Feed readers are my learning project, I use it to learn new languages. I've built and rebuilt readers in vbscript, vb.net, c#, php and python. php and python have been the easiest since they have good parser libraries. Also I've used SQL Server, MySQL, SQLite and just JSON flat files. I think I've built something like 10 or so variations. In the last few I've expanded to not only pull from RSS and included Hacker News, Twitter and an enhanced pull for Reddit feeds. Though I'm not pulling Twitter currently because of some API changes that I've haven't bothered to spend time on.
Helpful hint if you need favicons for your reader you can use Google.

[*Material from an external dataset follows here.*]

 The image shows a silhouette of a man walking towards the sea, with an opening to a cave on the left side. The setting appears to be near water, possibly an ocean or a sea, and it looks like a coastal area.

https://www.google.com/s2/favicons?domain=techmeme.com
The above is a load balancer for this url where the t1 subdomain may change to t[1-9] but this URL allows you to change the image size.
https://t1.gstatic.com/faviconV2?client=SOCIAL&type=FAVICON&...

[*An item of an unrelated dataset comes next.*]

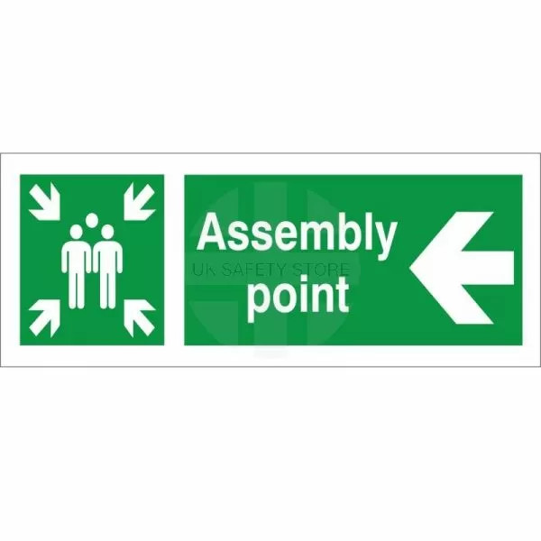 - This sign clearly shows the assembly point with a highly visible arrow left symbol in white colour against the green background.

I use it to grab and store sizes 16,32,48,64 of the icons with a monthly update ping.
My current iteration is built in python with a mysql backend. It's setup in a river of news style with an everything river and one for each feed and I generate topic bundles also. The feed engine is running every 15 minutes grabbing 40 feeds at a time but the static site generator is only running every 6 hours to keep me from spending all my time reading news. Since I pull in Reddit feeds I found that it's great for feed discovery.
I ran into a number of finicky issues building siftrss[1] a few years back. One I toiled over quite a bit was the discovery that Feedly, a very popular feed reader, does not support gzip. I haven't checked in recent years, but they may still not.
It's frustrating when you're forced to change the behavior of your "agnostic" application for the sake of a large, commonly-used third party tool in the ecosystem.
Where's your own RSS icon then!? ;)
All jokes aside, you just described literally all the points I encountered while developing the built-in feed reader for HeyHomepage.com Good summary!
One thing I notice a lot of people say - like you - is "forcing users to link through to read the article on the original site (semi defeating the point of subscribing via feedreader)".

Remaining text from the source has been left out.